▶ [REQUIRED ACTION]: Return the lines beginning at the one that contains "Очаровательная мини-бутылочка Rosanti" and running to the end of the records, exactly and with nothing else. Omit pictures.

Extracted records
*** Begin section ***

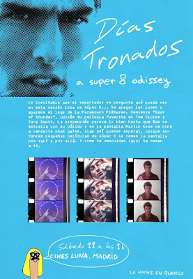 El sábado 11 de septiembre David Domingo organiza una multiproyección en los Cines Luna de Madrid, coincidiendo con la celebración de La Noche en Blanco. La apropiación del inicio de la película Días de Trueno (1990), protagonizada por Tom Cruise, dará paso a una cúmulo de impresiones audiovisuales situadas entre el Expanded Cinema y el found footage de ficción en formato subestándard. Una buena ocasión para dejarse llevar por la magia del cine en directo de este cineasta excepcional.
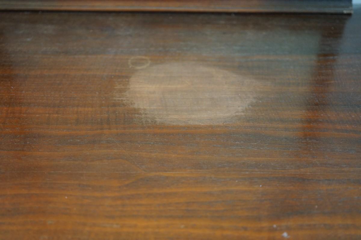 Condition: water mark on the top. you could refinish top or just use dresser scarf. the medallion does have a crack. see photos. otherwise the mirror is good and the rest just has minor scratches with age.
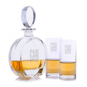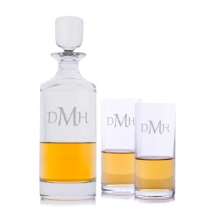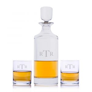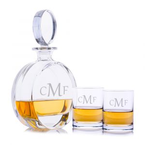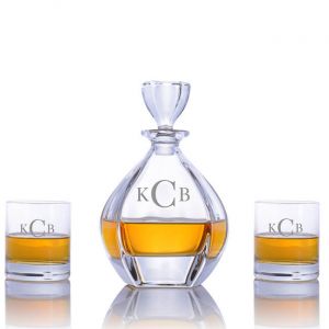 We offer Engraved Whiskey Decanter Sets & Personalized Liquor Decanter Sets. Combine an etched whiskey decanter and engraved Rocks glasses you can create an elegant crystal barware gift. Etched monograms, logos or messages create a one of a kind personalized crystal gift. Present a personalized decanter set on our Beautiful Walnut Wood Tray and you now have created a one of a kind personalized barware gift
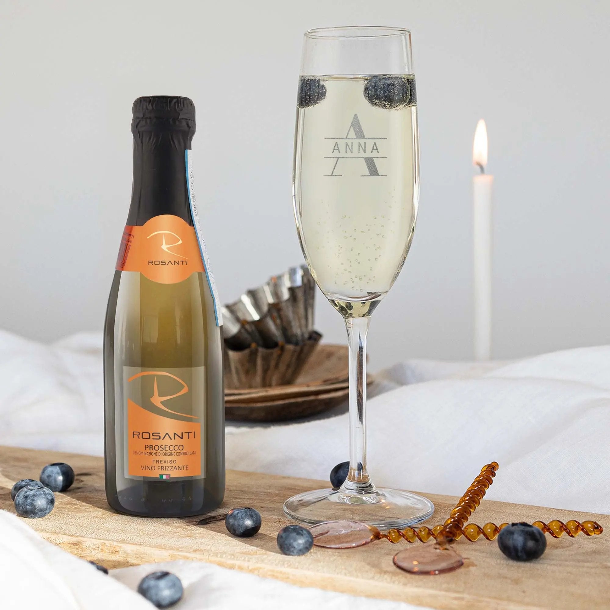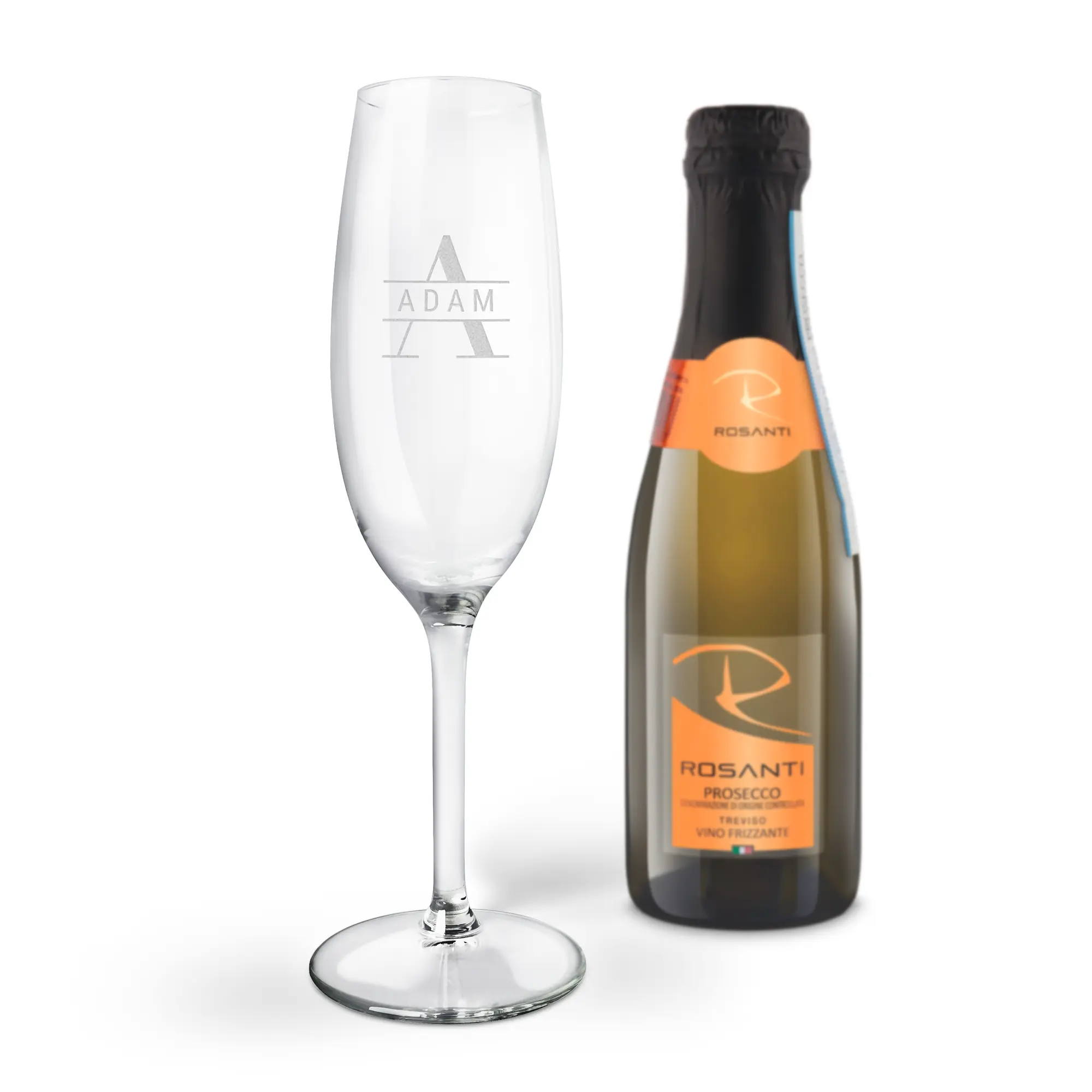 Очаровательная мини-бутылочка Rosanti Vino Frizzante с гравированным бокалом. Высококачественная лазерная гравировка по вашему дизайну. Ура!
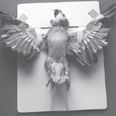 Holding the feet, wings and a gentle grasp around the neck is referred to as:
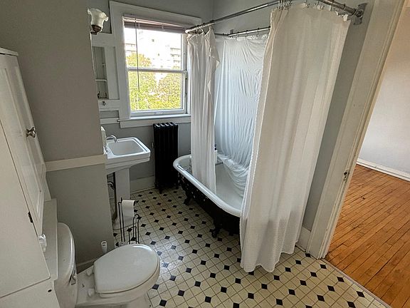 This awesome apartment has all hardwood floors and a kitchen that will blow your mind! There is an amazing view from the entire apartment of the downtown area. The living room and dinning room area have lots of windows, one of which is stained glass. There is tons of closet space! The deck in the back is a perfect place to drink coffee in the morning, or chill on in the afternoon. These are pictures of #6 which is almost identical to #5 with paint color changes and some floor differences. Available Now Pets are $50 extra and $200 non-refundable pet fee. Please call within business hours: Mon-Fri 9:00-5:00pm. This phone is an after hours emergency maintenance number. Thanks!! We pay gas (heat), trash, water, lawn care and snow removal. Resident pays electricity and wifi.
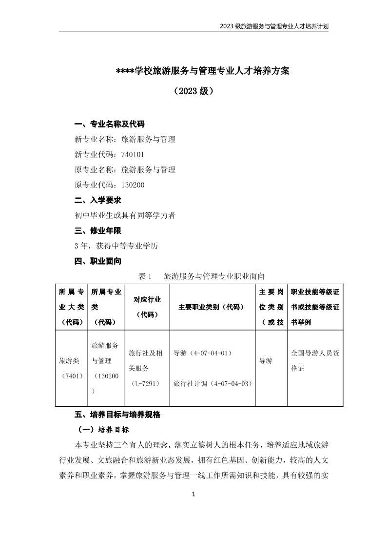 旅游服务与管理专业人才培养计划

*** End section ***

▶ [REPLY]:
 Очаровательная мини-бутылочка Rosanti Vino Frizzante с гравированным бокалом. Высококачественная лазерная гравировка по вашему дизайну. Ура!
 Holding the feet, wings and a gentle grasp around the neck is referred to as:
 This awesome apartment has all hardwood floors and a kitchen that will blow your mind! There is an amazing view from the entire apartment of the downtown area. The living room and dinning room area have lots of windows, one of which is stained glass. There is tons of closet space! The deck in the back is a perfect place to drink coffee in the morning, or chill on in the afternoon. These are pictures of #6 which is almost identical to #5 with paint color changes and some floor differences. Available Now Pets are $50 extra and $200 non-refundable pet fee. Please call within business hours: Mon-Fri 9:00-5:00pm. This phone is an after hours emergency maintenance number. Thanks!! We pay gas (heat), trash, water, lawn care and snow removal. Resident pays electricity and wifi.
 旅游服务与管理专业人才培养计划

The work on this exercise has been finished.